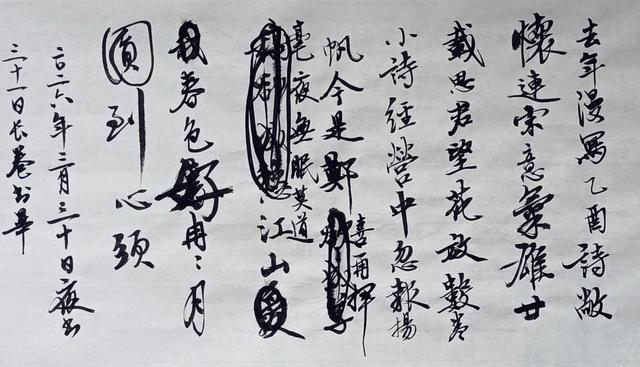 就在3月30日晚为《双丙敞怀诗卷》而创作的跋尾,《欣闻国共两党官宣,郑丽文4月7如一即将访陆,夜不能寐草草成篇,以为双丙敞怀长卷跋尾》诗,从“去年漫写双乙诗”到“冉冉月圆看心头”配资可靠炒股配资门户,从“廿载思君”到“喜再挥毫”,既有历史的厚重,又有郑丽文即将访陆的新闻信息,这正是笔不空谈,文无臆造的书卷气在书法创作中从心底的流过。
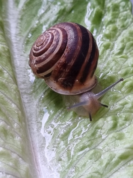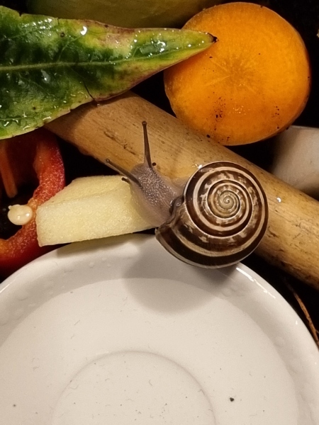 Ende Januar 2024 kam die (noch recht kleine) "Schnirkel" mit dem Löwenzahn vom türkischen Gemüsehändler zu uns. Seither lebt sie in einem "Terrarium", das ich wohl intuitiv sinnvoll ausgestattet habe. Nun ist sie auf ca 2,5/ 3 cm Durchmesser herangewachsen, was mir für eine deutsche Bänder-/Schnirkel oä etwas groß erscheint.
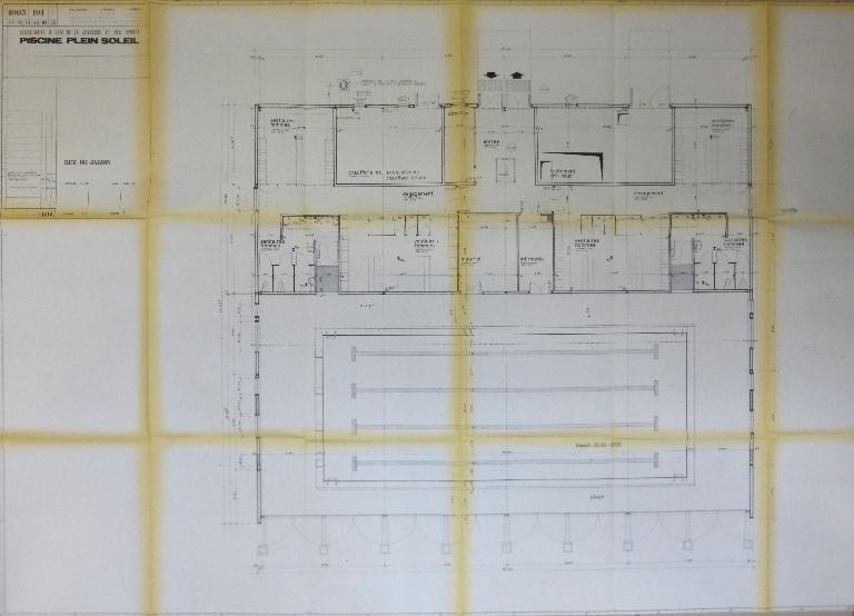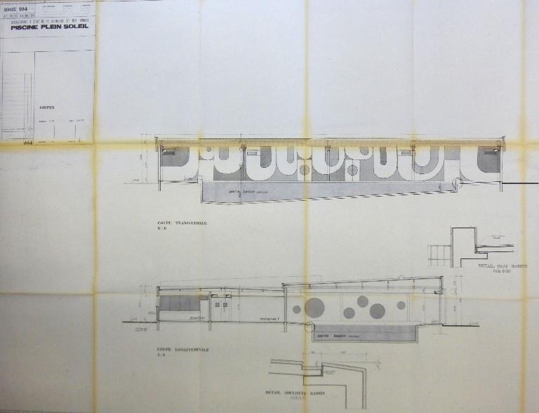 Piscine industrialisée de type « Plein Soleil » comprenant un bassin de 25 m x 10 m avec vestiaires-sanitaires infirmerie, chaufferie desservis par un hall d’entrée et des dégagements. La construction se compose d’une ossature métallique du type portique en profils pleins sur trois appuis articulés. La couverture roulant sur les portiques se compose de cinq sommiers et de six cours de pannes munis de potelets à hauteur variable. Contreventement assuré par une poutre en I sur la façade côté solarium et par des palées cadres.
══════════════════════════════
* Requirement: Restate word for word the lines from the one with "Ende Januar 2024" to the end of the material, both included. Do not include the pictures.

* Exercise response:
 Ende Januar 2024 kam die (noch recht kleine) "Schnirkel" mit dem Löwenzahn vom türkischen Gemüsehändler zu uns. Seither lebt sie in einem "Terrarium", das ich wohl intuitiv sinnvoll ausgestattet habe. Nun ist sie auf ca 2,5/ 3 cm Durchmesser herangewachsen, was mir für eine deutsche Bänder-/Schnirkel oä etwas groß erscheint.
 Piscine industrialisée de type « Plein Soleil » comprenant un bassin de 25 m x 10 m avec vestiaires-sanitaires infirmerie, chaufferie desservis par un hall d’entrée et des dégagements. La construction se compose d’une ossature métallique du type portique en profils pleins sur trois appuis articulés. La couverture roulant sur les portiques se compose de cinq sommiers et de six cours de pannes munis de potelets à hauteur variable. Contreventement assuré par une poutre en I sur la façade côté solarium et par des palées cadres.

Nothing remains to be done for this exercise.